Collected material:

Start of Block

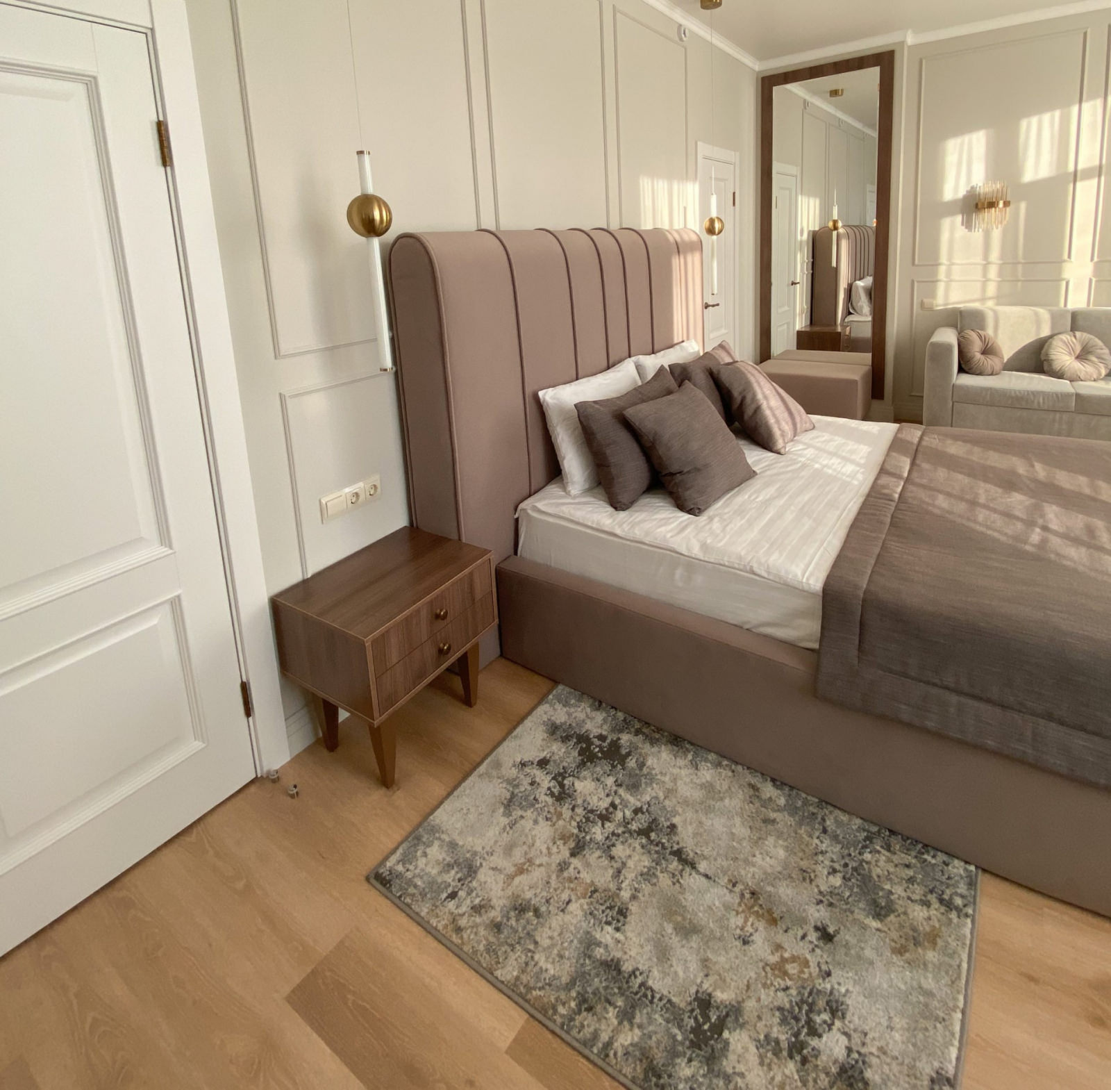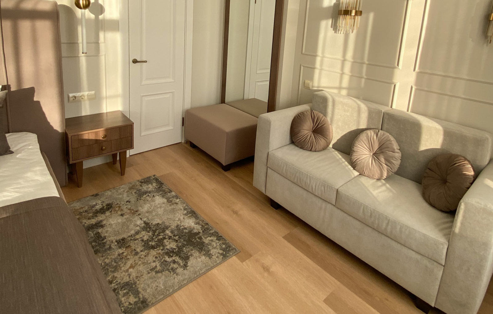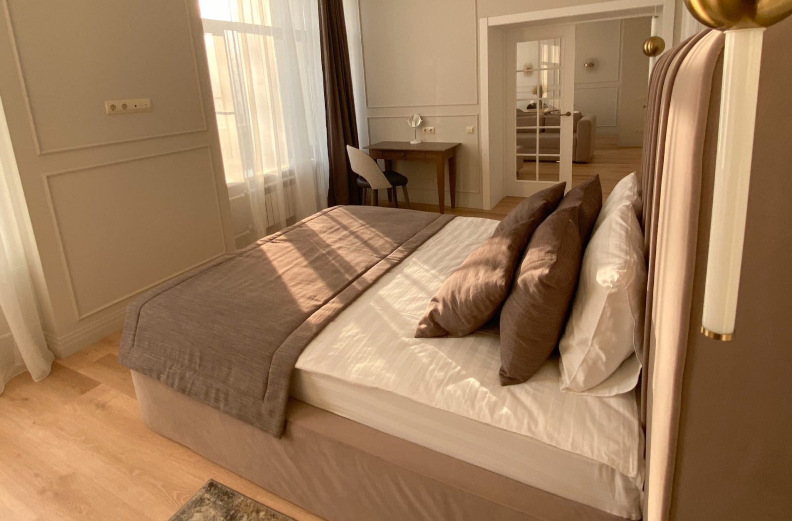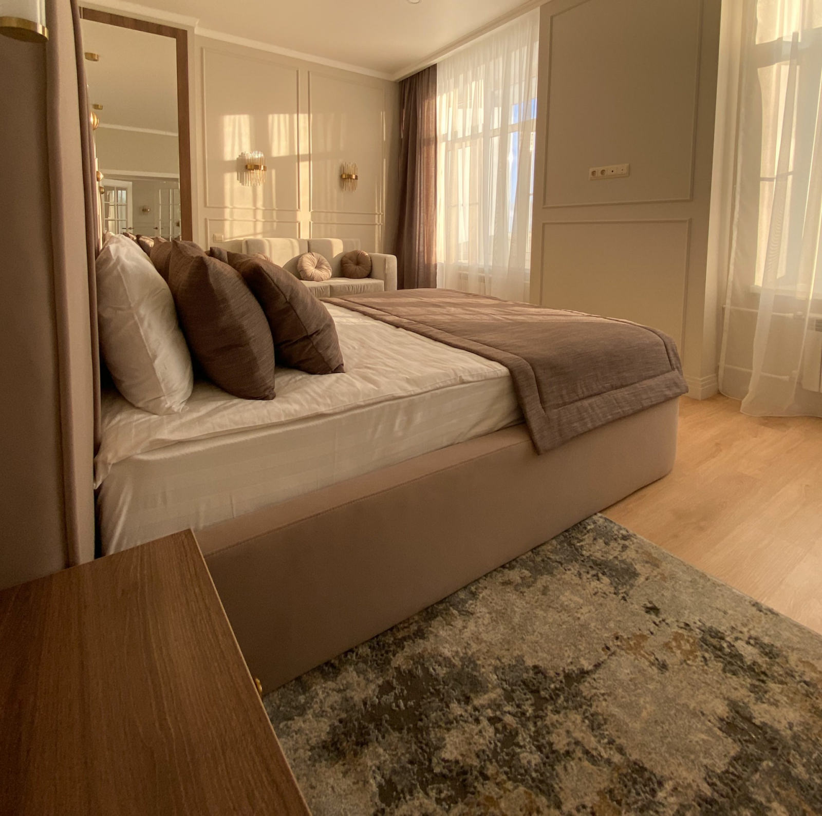 2 осн. места. 3 доп. места. Балкон. Кухня. Мебель: диван раскладной, кровать двуспальная, кухонная мебель, прикроватная тумбочка, стол, стулья, шкаф. Оборудование: вентилятор, микроволновая печь, набор посуды, телевизор, телефон, утюг, холодильник, электрочайник. Санузел: с ванной, туалетные принадлежности, фен, халат. Сервис: Wi-Fi бесплатно, смена полотенец, смена постельного белья, уборка номера, услуги телефонной связи по территории отеля.
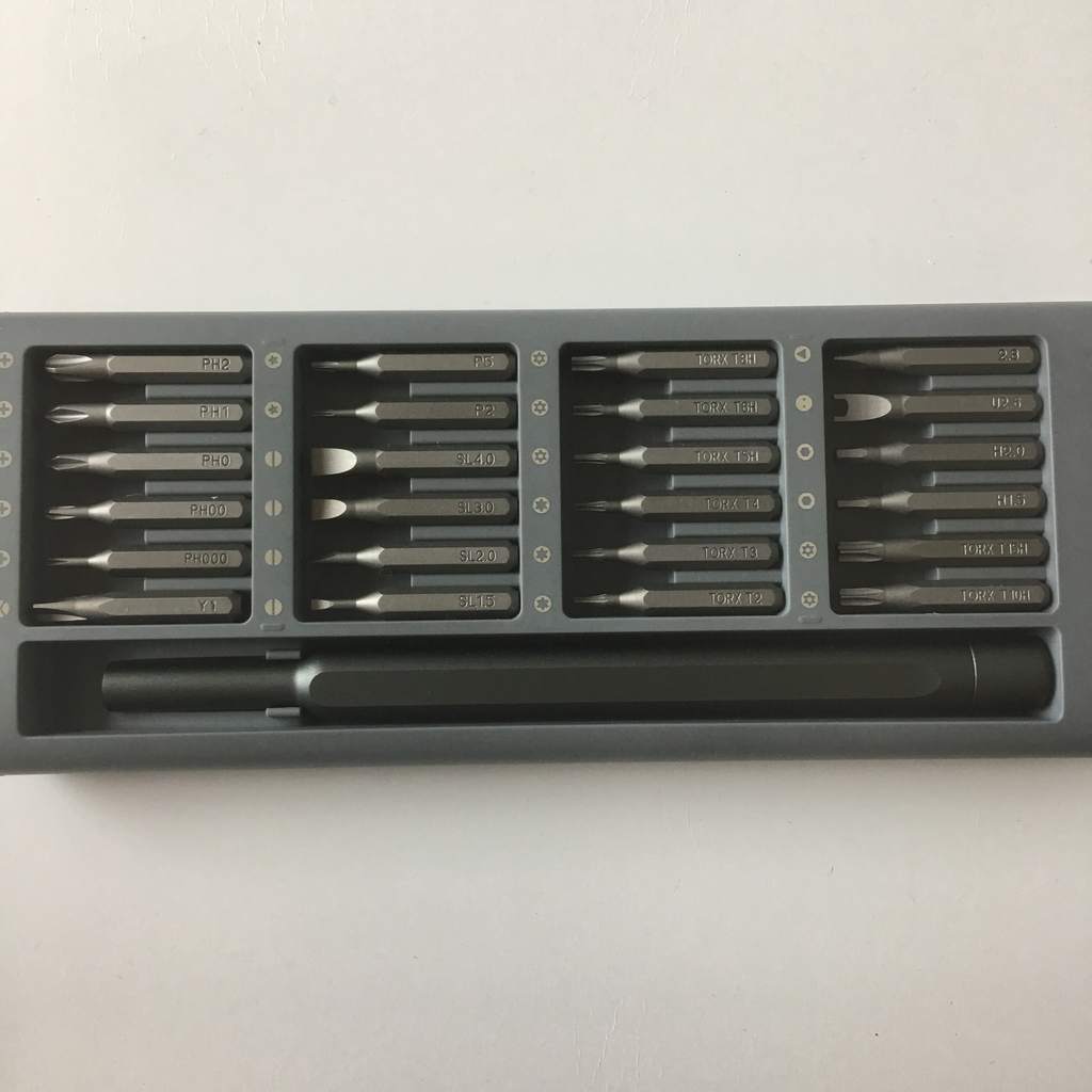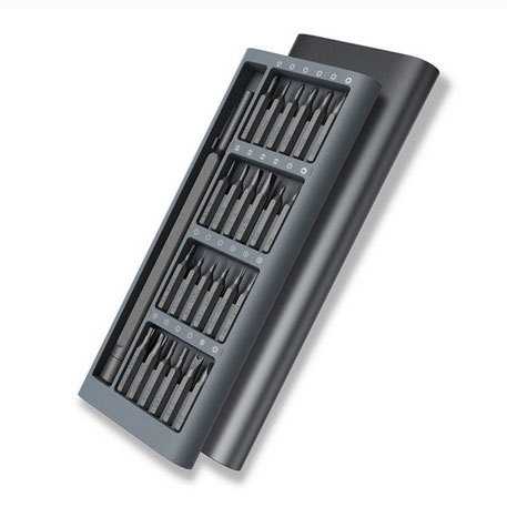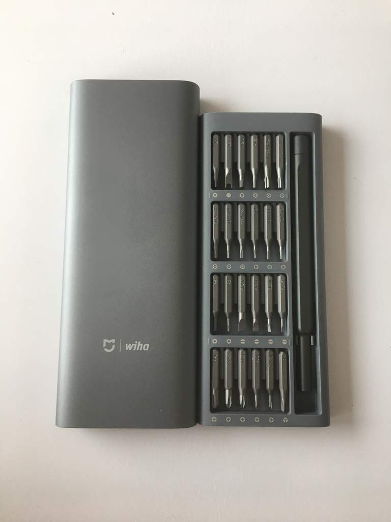 Удобен преносим комплект инструменти за професионалисти Mi x Wiha Precision Screwdriver за смарт устройства от 25 части. Инструментите са намират в малка компактна алуминиева кутия отваряема с пуш бутон. Всички накрайници са залепени към леглата си с магнит, по същия начин се прикрепят и към отвертката. Подходящо както за любители така и за професионалисти работещи в сервиз. За производството на инструмента е използвана стомана S2. Инструмента Mi x Wiha Precision Screwdriver можете да използвате за отремонтиране на смартфони, смарт часовници, камери, музикални плеяри и други.
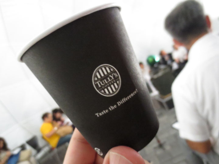 入場者に配られたアイスコーヒー。スターフライヤーの機内では、コーヒーショップ「タリーズ」と開発したオリジナルコーヒーが飲めます。このカップも、機内で出されるモノと同じ
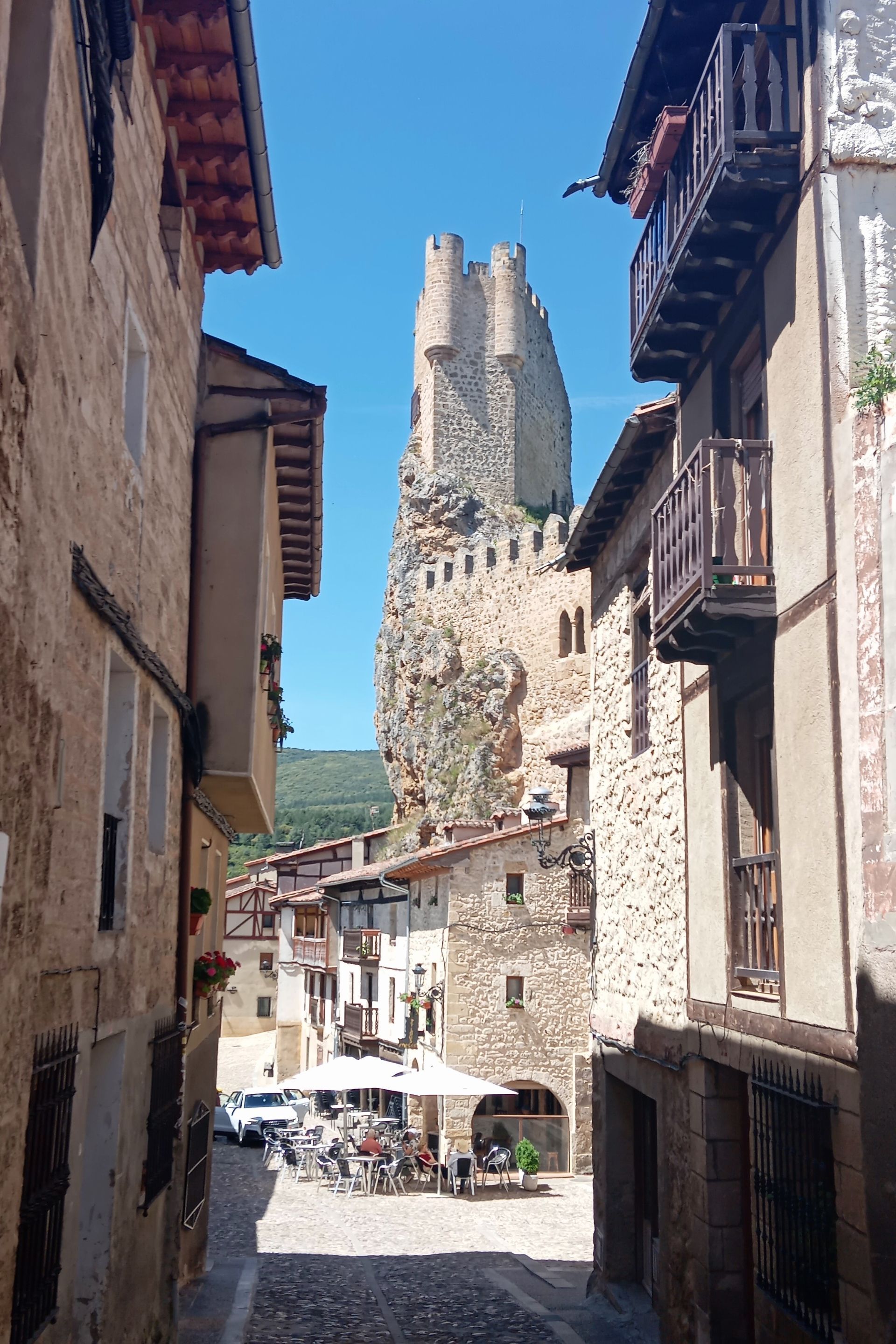 La Ciudad Medieval de Frías, que tal y como nos comentó nuestra guía, Edurne, es la ciudad más pequeña de España, ya que en 1435 el Rey Juan II de Castilla otorga el título de Ciudad. Bajo las explicaciones de la guía, recorremos sus estrechas y empinadas calles, observando las características casas realizadas con piedras de toba, que dan nombre al Valle de Tobalina. Son curiosas las casas colgadas que se establecen sobre el cortado rocoso.

End of Block

Task objective:
The answer should consist of every line above, exact and free of images.

Exercise answer:
 2 осн. места. 3 доп. места. Балкон. Кухня. Мебель: диван раскладной, кровать двуспальная, кухонная мебель, прикроватная тумбочка, стол, стулья, шкаф. Оборудование: вентилятор, микроволновая печь, набор посуды, телевизор, телефон, утюг, холодильник, электрочайник. Санузел: с ванной, туалетные принадлежности, фен, халат. Сервис: Wi-Fi бесплатно, смена полотенец, смена постельного белья, уборка номера, услуги телефонной связи по территории отеля.
 Удобен преносим комплект инструменти за професионалисти Mi x Wiha Precision Screwdriver за смарт устройства от 25 части. Инструментите са намират в малка компактна алуминиева кутия отваряема с пуш бутон. Всички накрайници са залепени към леглата си с магнит, по същия начин се прикрепят и към отвертката. Подходящо както за любители така и за професионалисти работещи в сервиз. За производството на инструмента е използвана стомана S2. Инструмента Mi x Wiha Precision Screwdriver можете да използвате за отремонтиране на смартфони, смарт часовници, камери, музикални плеяри и други.
 入場者に配られたアイスコーヒー。スターフライヤーの機内では、コーヒーショップ「タリーズ」と開発したオリジナルコーヒーが飲めます。このカップも、機内で出されるモノと同じ
 La Ciudad Medieval de Frías, que tal y como nos comentó nuestra guía, Edurne, es la ciudad más pequeña de España, ya que en 1435 el Rey Juan II de Castilla otorga el título de Ciudad. Bajo las explicaciones de la guía, recorremos sus estrechas y empinadas calles, observando las características casas realizadas con piedras de toba, que dan nombre al Valle de Tobalina. Son curiosas las casas colgadas que se establecen sobre el cortado rocoso.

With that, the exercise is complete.